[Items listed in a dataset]
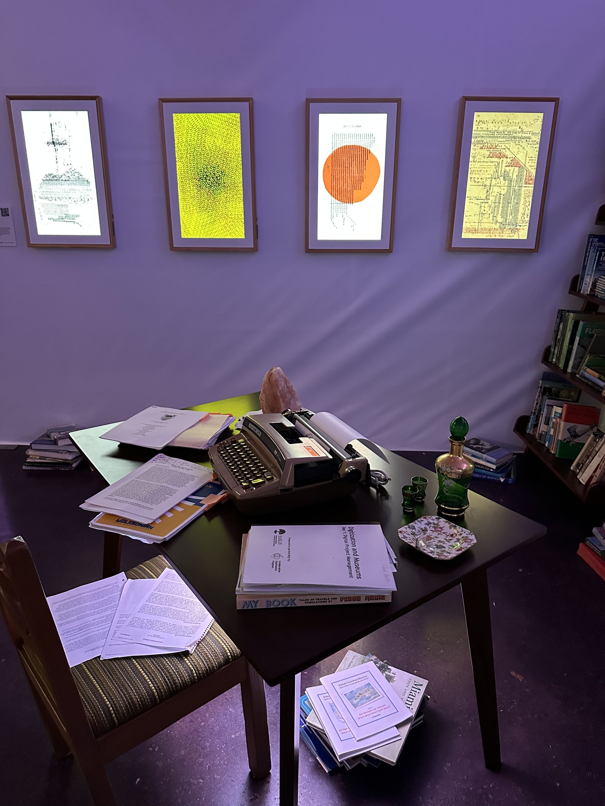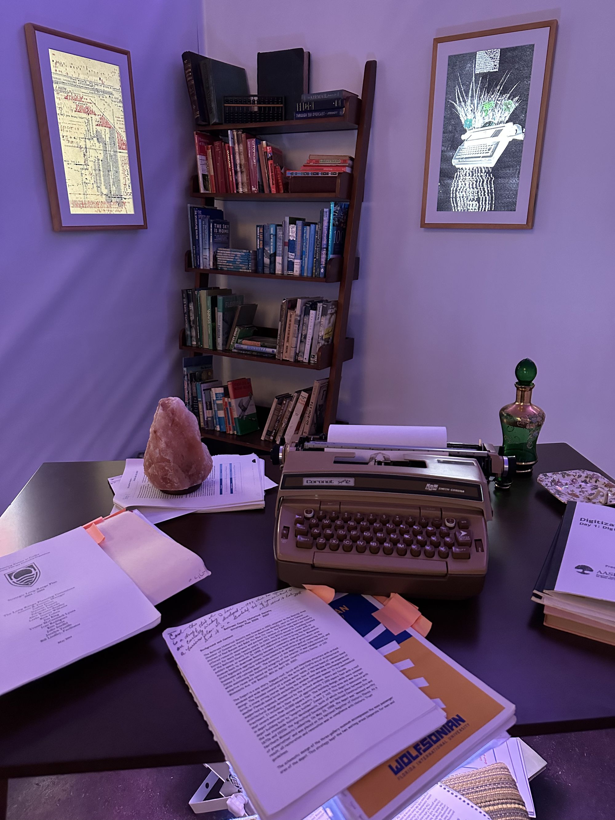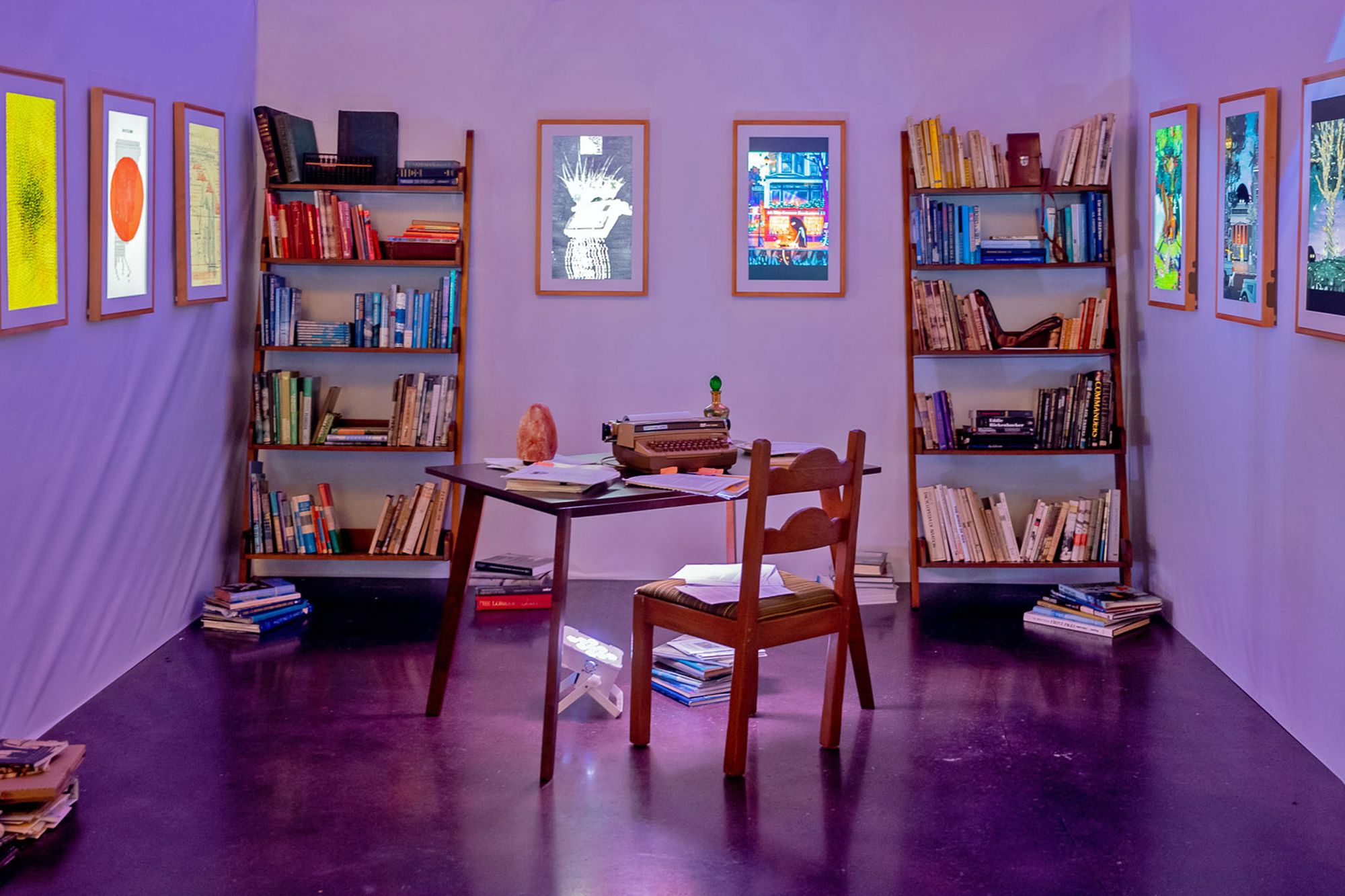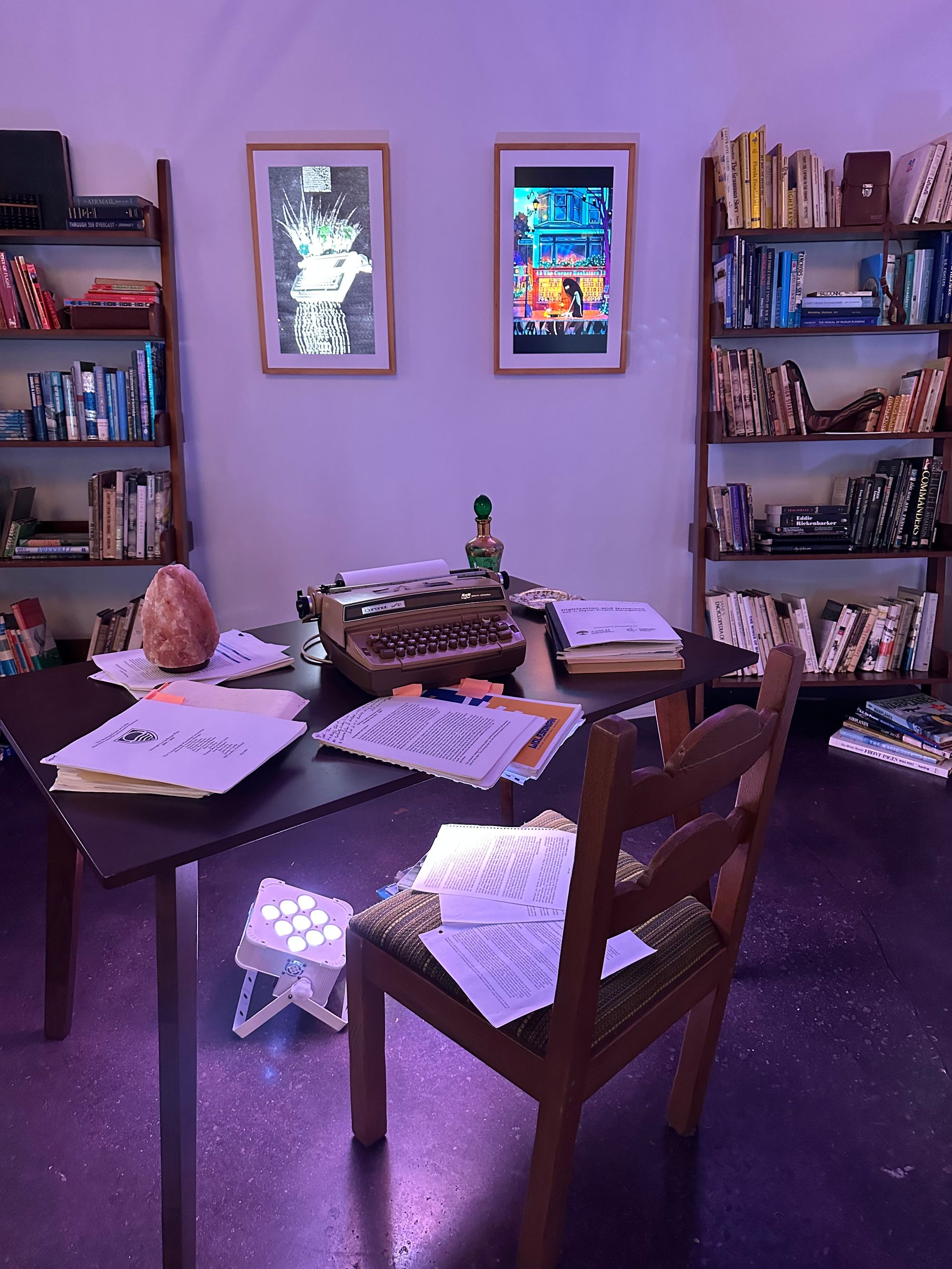 This library space, complete with a desk and typewriter, and scattered with books and papers, featured artwork from breakout series by Degen Poet and Laura El.
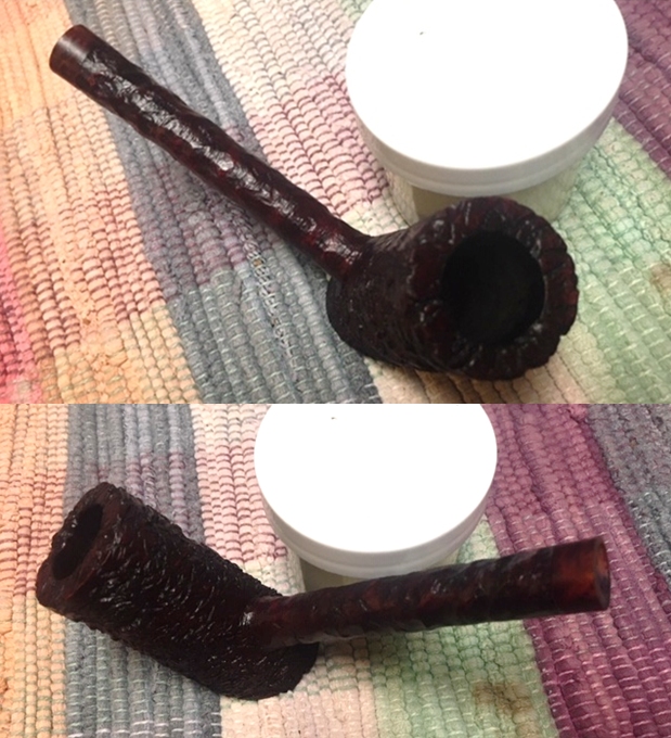 Based upon the information of this thread, the Natural Burl Apple before me dates from 1957 to 1962, when they were featured in Kaywoodie catalogs. I looked for a catalog during this period online, but unfortunately, I was unable to find one. The rusticated or carved surface theoretically provides a cooler feeling bowl. This pipe fits Sam’s low budget approach to his pipes. When the Natural Burl Apple first hit the market, it was in a working man’s modest budget range, $4! I’m hopeful that after I’ve completed working on Paw’s vintage Kaywoodie it will look like a million bucks!
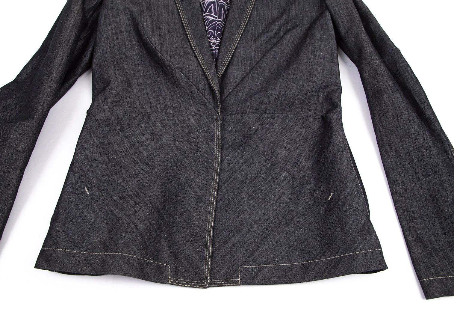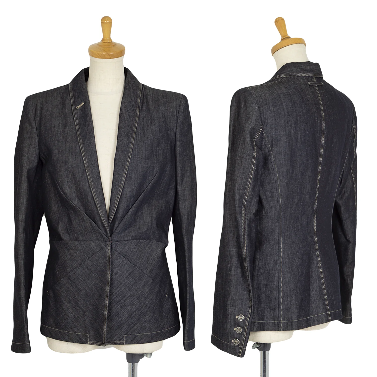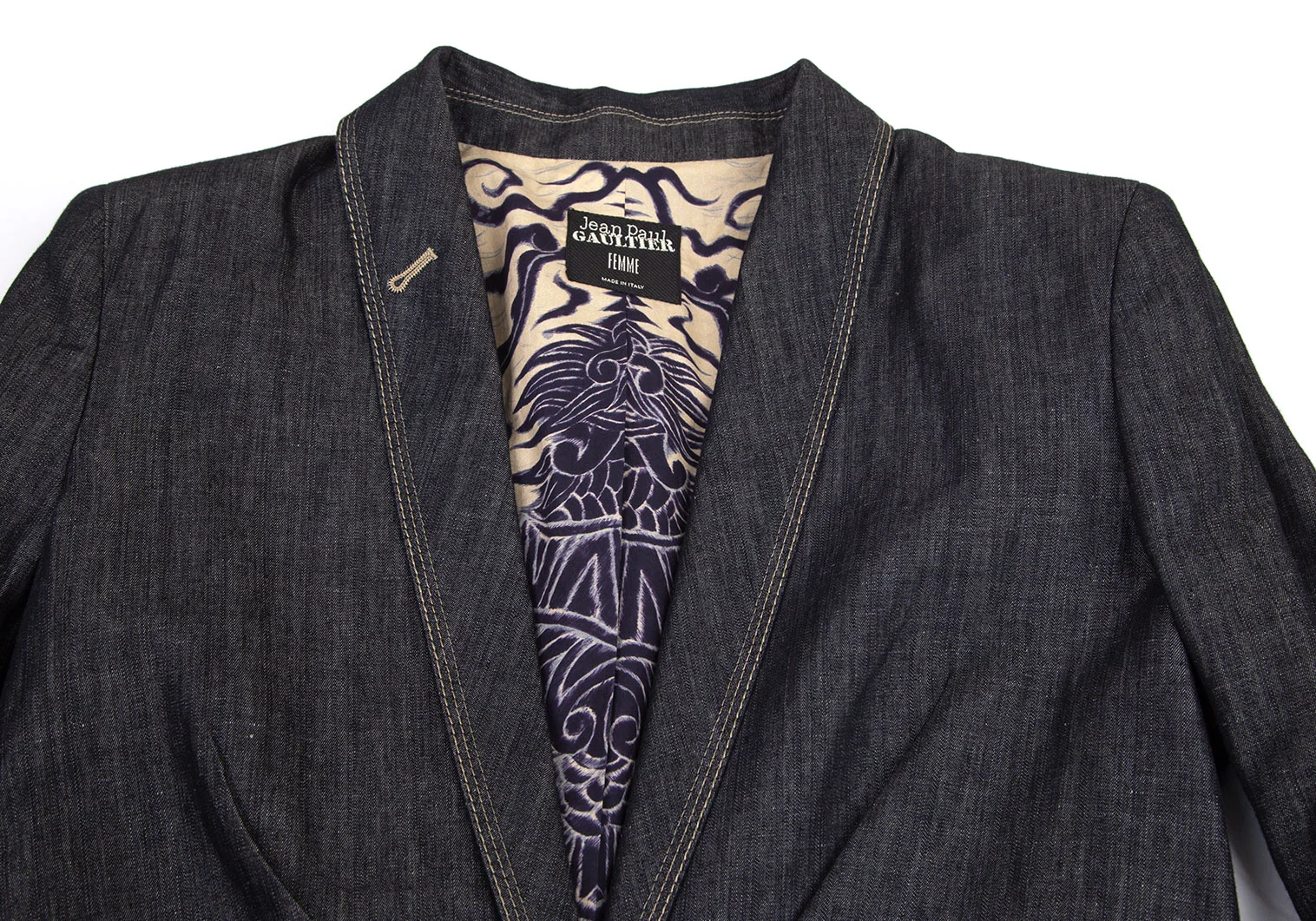 ジャンポールゴルチエ ファムJean Paul GAULTIER FEMME 裏ドラゴンプリントデニムショールカラージャケット インディゴ42
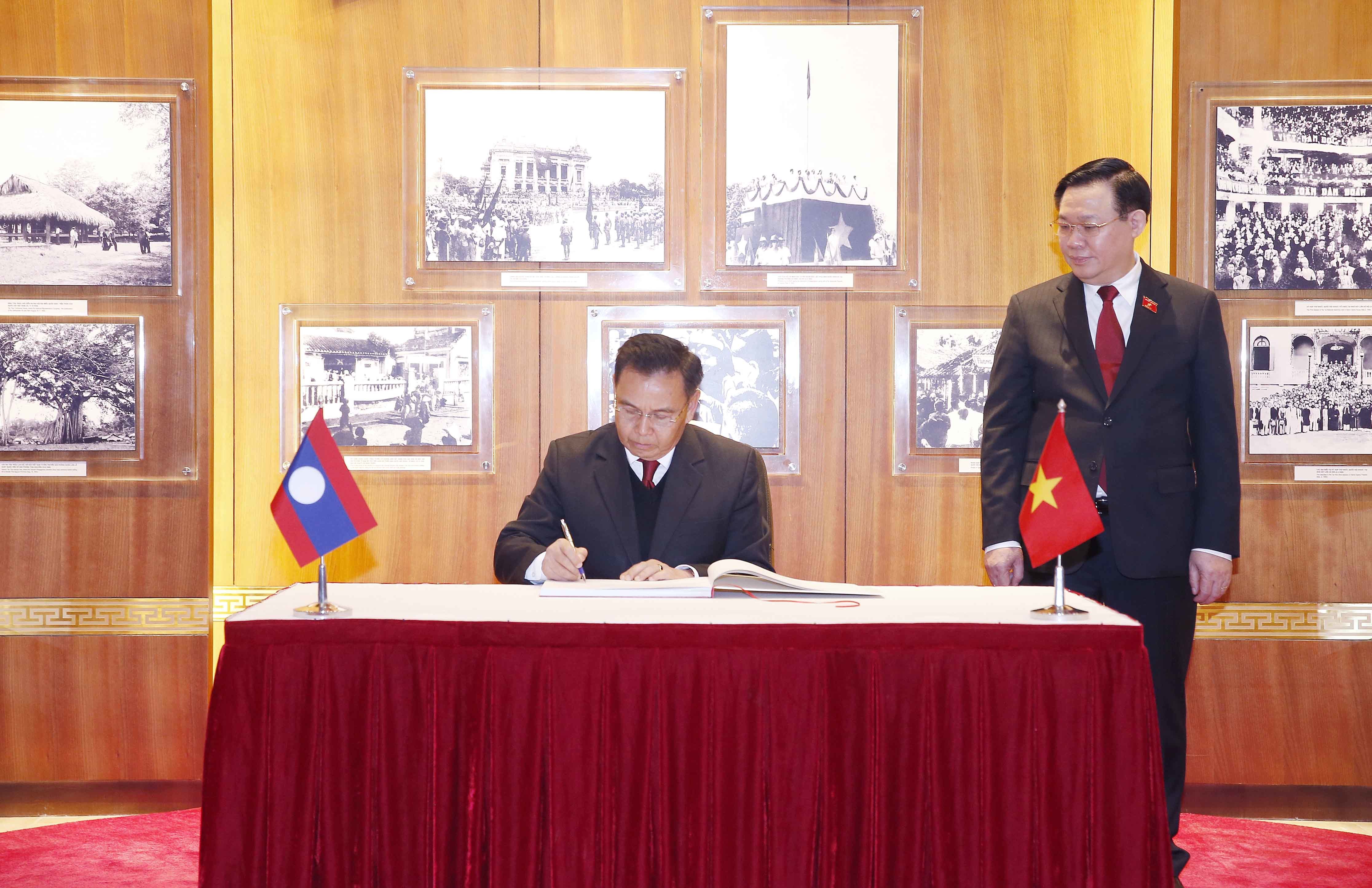 | Sau lễ đón, Chủ tịch Quốc hội hai nước đã thăm quan Phòng Truyền thống của Quốc hội Việt Nam và Chủ tịch Quốc hội Xaysomphone Phomvihane ghi lưu bút vào Sổ lưu niệm. |
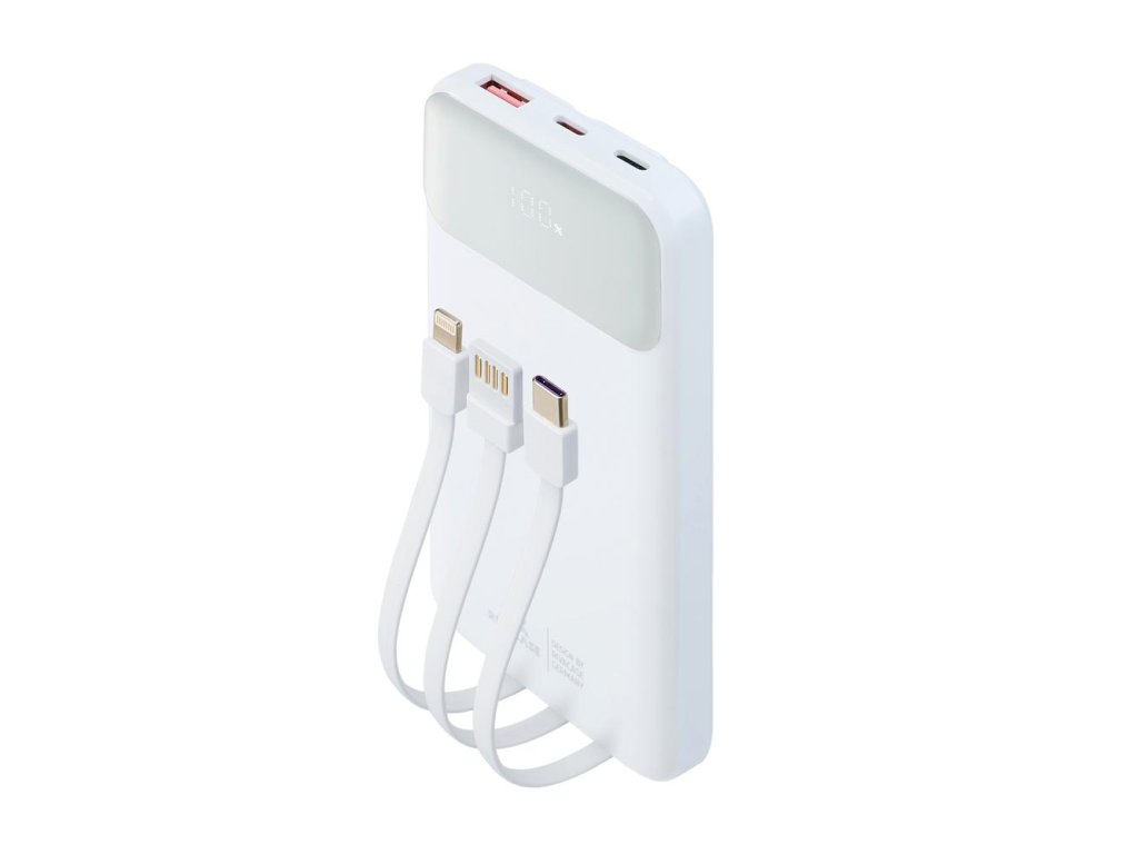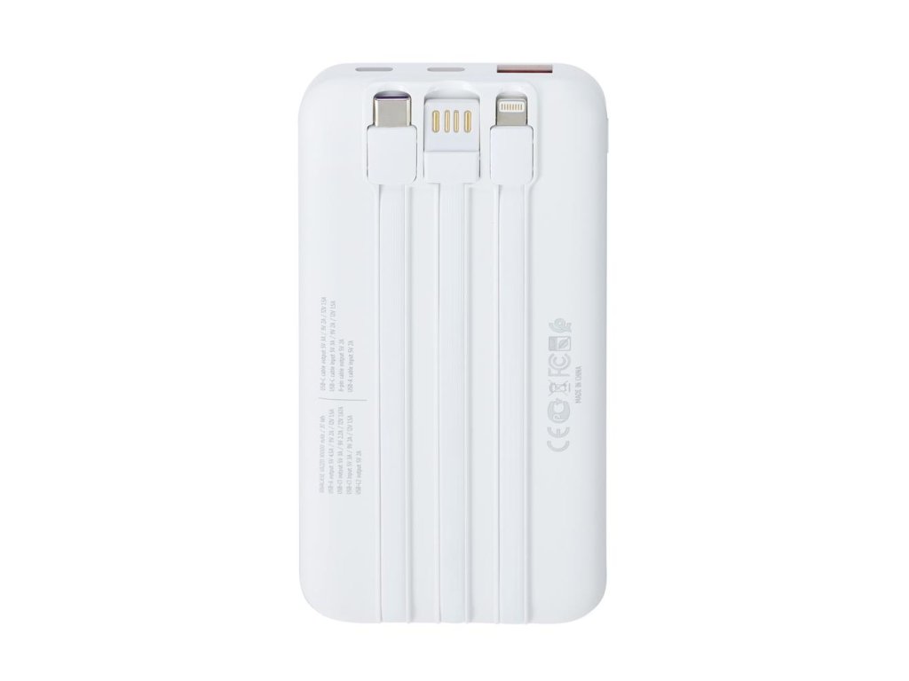 Riva Power VA2211 powerbanka 10000mAh QC/PD, 3 integrované kabely, bílá
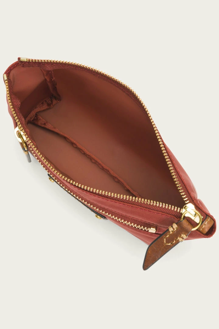 Frye’s accessories are both stylish and practical – case in point, this Ivy cosmetic pouch. Made from durable light water-repellent nylon, it’s spacious enough for your on-the-go daily makeup routine. Designed with a topline zipper closure, convenient zippered front pocket and finished with a textured-leather trim at the brand’s iconic patch and hand-stitched FF detailing at the elongated zipper pulls.

WHAT THE EXERCISE ASKS:
Every entry above should be written out again verbatim, with no pictures included.

ANSWER BOX:
 This library space, complete with a desk and typewriter, and scattered with books and papers, featured artwork from breakout series by Degen Poet and Laura El.
 Based upon the information of this thread, the Natural Burl Apple before me dates from 1957 to 1962, when they were featured in Kaywoodie catalogs. I looked for a catalog during this period online, but unfortunately, I was unable to find one. The rusticated or carved surface theoretically provides a cooler feeling bowl. This pipe fits Sam’s low budget approach to his pipes. When the Natural Burl Apple first hit the market, it was in a working man’s modest budget range, $4! I’m hopeful that after I’ve completed working on Paw’s vintage Kaywoodie it will look like a million bucks!
 ジャンポールゴルチエ ファムJean Paul GAULTIER FEMME 裏ドラゴンプリントデニムショールカラージャケット インディゴ42
 | Sau lễ đón, Chủ tịch Quốc hội hai nước đã thăm quan Phòng Truyền thống của Quốc hội Việt Nam và Chủ tịch Quốc hội Xaysomphone Phomvihane ghi lưu bút vào Sổ lưu niệm. |
 Riva Power VA2211 powerbanka 10000mAh QC/PD, 3 integrované kabely, bílá
 Frye’s accessories are both stylish and practical – case in point, this Ivy cosmetic pouch. Made from durable light water-repellent nylon, it’s spacious enough for your on-the-go daily makeup routine. Designed with a topline zipper closure, convenient zippered front pocket and finished with a textured-leather trim at the brand’s iconic patch and hand-stitched FF detailing at the elongated zipper pulls.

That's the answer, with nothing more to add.